Interestingly, we found the associated 818T allele to be African-specific. In fact, we were unable to detect the 818T allele after screening large numbers of Caucasian, Asian, Puerto Rican, and Mexican subjects. This explains the undiscovered nature of this variant prior to our study despite multiple genetic studies of hypertension and KCNMB1. Our results underscore the need to examine racially and ethnically diverse populations in genetic research. These racial specific variants may explain in part, along with social, economic, and environmental variables the significant disparities in asthma burden observed among African Americans (40,41). Our results have important clinical and public health implications. In the US, African Americans have nearly the highest asthma morbidity and mortality rates with prior studies finding significantly lower FEV1 values among African American asthmatics compared with other ethnicities (42). Based on our results 10% of African American males with asthma carry at least one copy of the 818T allele, potentially putting them at higher risk for asthma morbidity and mortality. These findings bring us closer to understanding the pharmacogenetic profiles of different populations and create the possibility for more tailored drug design for asthma. Indeed substances that activate BK channels through the β1-subunit, such as dehydrosoyasaponin-1 (43) should be visited as potential asthma therapeutics, particularly for individuals carrying the 818T allele.

Furthermore, the effect of this variant maybe of additional significance in other disease states such as hypertension, which also disproportionately affects African American males (44). The other associated SNP, A1273G, is common among other ethnic groups including Caucasians (11%), Mexicans (15%) and Puerto Ricans (15%); therefore the effects mediated by this SNP may extend to other populations as well (25).

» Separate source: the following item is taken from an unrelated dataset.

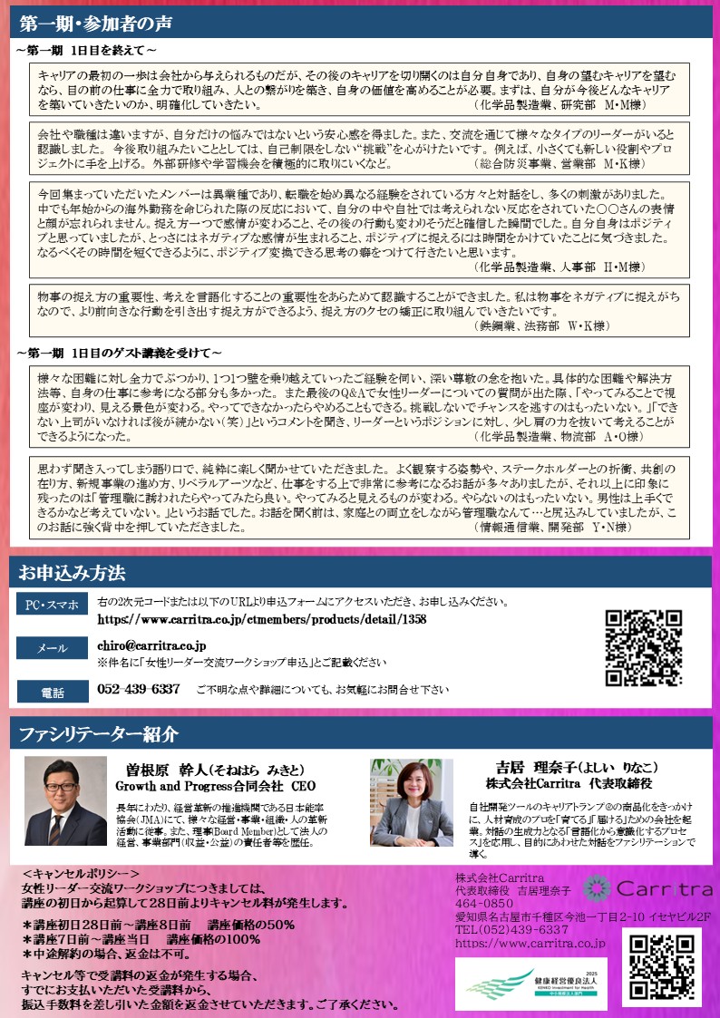 <第二期>女性リーダー交流ワークショップのご案内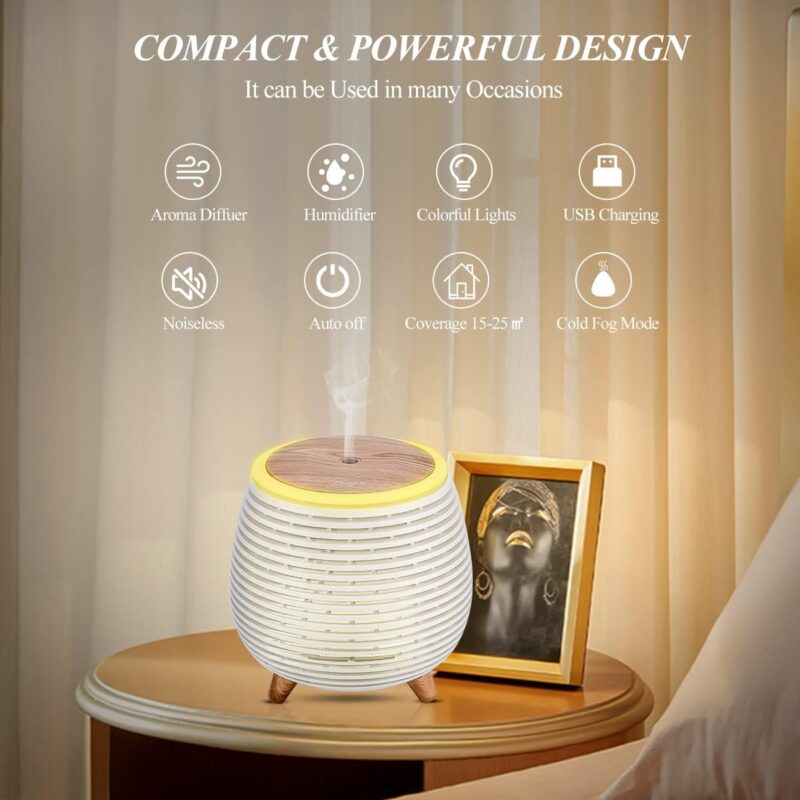 Apportez une touche de zen et de bien-être à votre intérieur avec ce magnifique diffuseur d’huiles essentielles au design élégant en imitation bois 🌿.

In conclusion, our results indicate that both the C818T and A1273G variants in the KCNMB1 gene strongly influence pulmonary function among African American males with asthma. We find these genetic effects to be restricted to male subjects, possibly due to hormonal differences. The effects of both the C818T and A1273G variants on baseline pulmonary function are clinically significant and as such are important indicators of asthma severity. Results of the functional studies of the C818T encoded isoform revealed a significant loss-of-function of the BK channel with the (T) allele. Further studies will be needed to establish the role of the A1273G variant in pulmonary function among other populations. Additionally, studies are warranted for bronchial hyperresponsiveness considering the established role of BK channel conductance in controlling cholinergic stimulated contraction of bronchial smooth muscle.

MATERIALS AND METHODS

Study participants

The resequencing analysis was performed on our SNP Discovery Panel, which contains 24 African American asthmatic subjects. Recruitment for the SAGE study is ongoing and includes 261 asthmatic cases from the San Francisco Bay Area (45,46). African American subjects from the CHIRAH were used as an independent replicate population. The CHIRAH cohort is a community-based longitudinal cohort study of urban children and adults with persistent asthma (47). Studies are described in detail in the online supplement with characteristics listed in Supplementary Material, Table S1. Local Institutional Review Boards approved all the studies, and all subjects provided written, age-appropriate informed consent or assent.

Pulmonary function tests

Pulmonary function was evaluated using spirometry performed according to American Thoracic Society standards (48). Subjects were instructed to abstain from all bronchodilator medications for 8 h prior to all pulmonary function tests. Spirometric reference values from Hankinson et al. (49) were used to determine percent predicted values.

KCNMB1 sequencing

All KCNMB1 exons (four) and exon–intron boundaries (20 bp from either end of the exon) were sequenced in the SNP Discovery panel. Sequencing details and primers are listed in the Supplementary Material, Table S2.

Genotyping

SNPs G593A, G728C, C818T, C1054A and A1273G were genotyped in the SAGE and CHIRAH cohorts. All genotyping methods and primers are described in the online supplement (Supplementary Material, Tables S3 and S4).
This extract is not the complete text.